だからこそ、「覚えておこう」と頑張るよりも、「消える前提で残す」。この意識が、次の行動を支えてくれます。


アイデアは質より量

今は、閃いた瞬間にiPhoneのメモへ残すようにしています。以前は移動がクルマ中心だったため、ICレコーダーに音声で記録していましたが、公共交通機関を使うことが増え、人目が気になってやめました。方法は変わっても、「その場で形にする」という原則は変えていません。

多くの人が、アイデアを「良いか悪いか」で選別しようとします。しかし、最初から完成度を求めると、ほとんどのアイデアは出てくる前に消えてしまいます。アイデアは、質より量。意味が分からなくても、後で読めなくなっても構いません。大切なのは、「出した」という事実です。量があるから、つながりが生まれ、育つものが見えてきます。

もし今、何も浮かばないと感じているなら、それは枯れているのではなく、制限をかけすぎているだけかもしれません。判断を後回しにし、まずは書き留める。その小さな許可が、思考の流れを取り戻します。


行動できないのは、意志が弱いから・・?

アイデアを行動に移そうとした瞬間、急に足が止まることがあります。失敗したらどうしよう、今さら始めて意味があるのだろうか、周囲にどう見られるだろうか。このブレーキは、怠けではなく「守ろうとする心」の働き。大人になるほど、失うものが増え、慎重になるのは自然なことです。

私自身にも、年齢や役割、環境といった、様々な制限があります。それでも、「人に迷惑をかけない」という最低限のラインを守れるなら、もう少し制限を外してもいいのではないか、そう考えるようになりました。準備が必要なものは、準備だけでも始める。すぐにできるものは、テストとして試してみる。一度動き出した荷馬車は、不思議なほど軽く進みます。重たいのは、最初の一歩だけです。


アイデアは、日常の整え方から生まれる

アイデアは、天から突然降ってくるものではありません。日々の会話、読んだ文章、ふと目に入った風景。そうしたインプットが積み重なり、ある瞬間につながります。インプットが枯れれば、アウトプットも枯れる。だからこそ、日常に興味を持ち続けることが、アイデアを生み続ける土台になります。
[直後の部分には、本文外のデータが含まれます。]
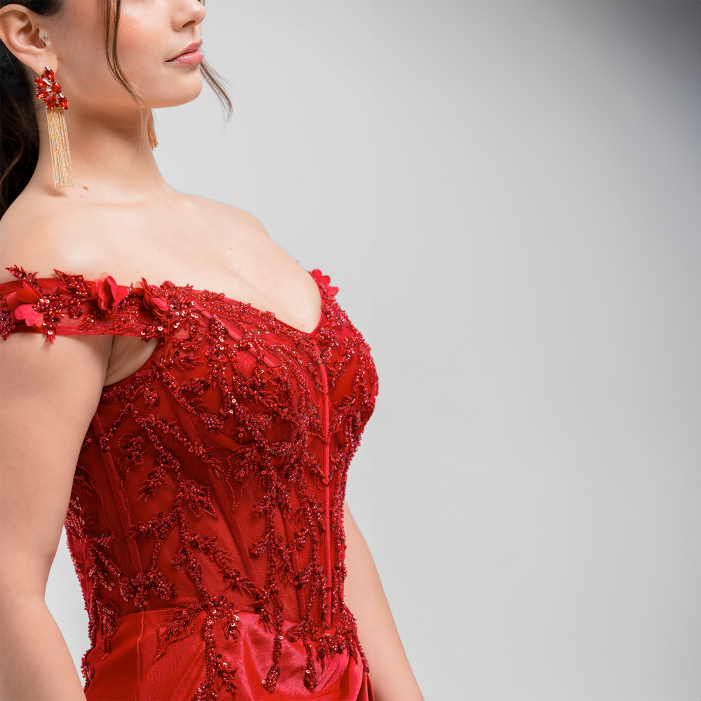 Vestido De Fiesta Corset Bordado EC0160 Borgoña

ソフトバンクの孫正義さんは、起業当時、一日一個のアイデアを毎日書き留めていたと言われています。特別な才能というより、思考を止めない習慣が、未来の選択肢を増やしたのでしょう。一日一個でいい。完成していなくていい。浮かんだら残し、残したら少し動かす。この小さな循環が、停滞感を静かにほぐしていきます。

もし今、立ち止まっていると感じているなら、無理に大きく変えようとしなくていい。今日、ひとつだけアイデアを書き留める。そこから、また流れは動き出します。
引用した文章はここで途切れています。